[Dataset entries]

________________

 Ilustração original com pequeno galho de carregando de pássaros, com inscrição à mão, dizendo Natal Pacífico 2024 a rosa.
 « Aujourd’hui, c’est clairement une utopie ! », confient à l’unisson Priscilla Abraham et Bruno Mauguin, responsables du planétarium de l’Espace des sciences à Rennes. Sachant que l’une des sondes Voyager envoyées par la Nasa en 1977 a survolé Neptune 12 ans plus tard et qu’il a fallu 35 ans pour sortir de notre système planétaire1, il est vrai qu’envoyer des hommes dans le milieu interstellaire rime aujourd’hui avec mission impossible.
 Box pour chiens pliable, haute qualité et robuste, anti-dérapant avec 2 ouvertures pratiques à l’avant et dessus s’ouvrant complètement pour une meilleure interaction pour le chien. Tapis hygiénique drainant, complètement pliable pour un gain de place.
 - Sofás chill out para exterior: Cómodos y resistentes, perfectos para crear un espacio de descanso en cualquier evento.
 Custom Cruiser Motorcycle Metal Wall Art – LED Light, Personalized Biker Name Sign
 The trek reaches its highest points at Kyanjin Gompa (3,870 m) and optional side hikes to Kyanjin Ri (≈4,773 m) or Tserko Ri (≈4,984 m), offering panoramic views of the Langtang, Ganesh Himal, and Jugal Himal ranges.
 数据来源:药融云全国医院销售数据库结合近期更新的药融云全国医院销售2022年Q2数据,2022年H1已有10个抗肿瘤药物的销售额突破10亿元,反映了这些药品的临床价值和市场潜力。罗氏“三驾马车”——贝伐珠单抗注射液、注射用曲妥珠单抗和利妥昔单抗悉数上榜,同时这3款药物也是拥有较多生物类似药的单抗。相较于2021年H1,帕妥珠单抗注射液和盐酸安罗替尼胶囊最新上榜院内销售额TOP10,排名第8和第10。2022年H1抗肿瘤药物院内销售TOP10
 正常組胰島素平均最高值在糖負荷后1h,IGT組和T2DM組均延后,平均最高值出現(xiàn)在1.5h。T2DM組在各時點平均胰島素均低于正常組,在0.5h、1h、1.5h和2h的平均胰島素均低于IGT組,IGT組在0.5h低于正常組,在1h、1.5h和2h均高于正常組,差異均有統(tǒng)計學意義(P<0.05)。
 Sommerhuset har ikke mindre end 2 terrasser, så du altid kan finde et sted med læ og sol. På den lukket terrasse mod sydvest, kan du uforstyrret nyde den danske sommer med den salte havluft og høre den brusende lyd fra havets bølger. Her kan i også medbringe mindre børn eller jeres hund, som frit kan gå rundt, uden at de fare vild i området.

________________

YOUR TASK :: What is wanted is the complete set of entries, returned verbatim.

YOUR RESPONSE ::
 Ilustração original com pequeno galho de carregando de pássaros, com inscrição à mão, dizendo Natal Pacífico 2024 a rosa.
 « Aujourd’hui, c’est clairement une utopie ! », confient à l’unisson Priscilla Abraham et Bruno Mauguin, responsables du planétarium de l’Espace des sciences à Rennes. Sachant que l’une des sondes Voyager envoyées par la Nasa en 1977 a survolé Neptune 12 ans plus tard et qu’il a fallu 35 ans pour sortir de notre système planétaire1, il est vrai qu’envoyer des hommes dans le milieu interstellaire rime aujourd’hui avec mission impossible.
 Box pour chiens pliable, haute qualité et robuste, anti-dérapant avec 2 ouvertures pratiques à l’avant et dessus s’ouvrant complètement pour une meilleure interaction pour le chien. Tapis hygiénique drainant, complètement pliable pour un gain de place.
 - Sofás chill out para exterior: Cómodos y resistentes, perfectos para crear un espacio de descanso en cualquier evento.
 Custom Cruiser Motorcycle Metal Wall Art – LED Light, Personalized Biker Name Sign
 The trek reaches its highest points at Kyanjin Gompa (3,870 m) and optional side hikes to Kyanjin Ri (≈4,773 m) or Tserko Ri (≈4,984 m), offering panoramic views of the Langtang, Ganesh Himal, and Jugal Himal ranges.
 数据来源:药融云全国医院销售数据库结合近期更新的药融云全国医院销售2022年Q2数据,2022年H1已有10个抗肿瘤药物的销售额突破10亿元,反映了这些药品的临床价值和市场潜力。罗氏“三驾马车”——贝伐珠单抗注射液、注射用曲妥珠单抗和利妥昔单抗悉数上榜,同时这3款药物也是拥有较多生物类似药的单抗。相较于2021年H1,帕妥珠单抗注射液和盐酸安罗替尼胶囊最新上榜院内销售额TOP10,排名第8和第10。2022年H1抗肿瘤药物院内销售TOP10
 正常組胰島素平均最高值在糖負荷后1h,IGT組和T2DM組均延后,平均最高值出現(xiàn)在1.5h。T2DM組在各時點平均胰島素均低于正常組,在0.5h、1h、1.5h和2h的平均胰島素均低于IGT組,IGT組在0.5h低于正常組,在1h、1.5h和2h均高于正常組,差異均有統(tǒng)計學意義(P<0.05)。
 Sommerhuset har ikke mindre end 2 terrasser, så du altid kan finde et sted med læ og sol. På den lukket terrasse mod sydvest, kan du uforstyrret nyde den danske sommer med den salte havluft og høre den brusende lyd fra havets bølger. Her kan i også medbringe mindre børn eller jeres hund, som frit kan gå rundt, uden at de fare vild i området.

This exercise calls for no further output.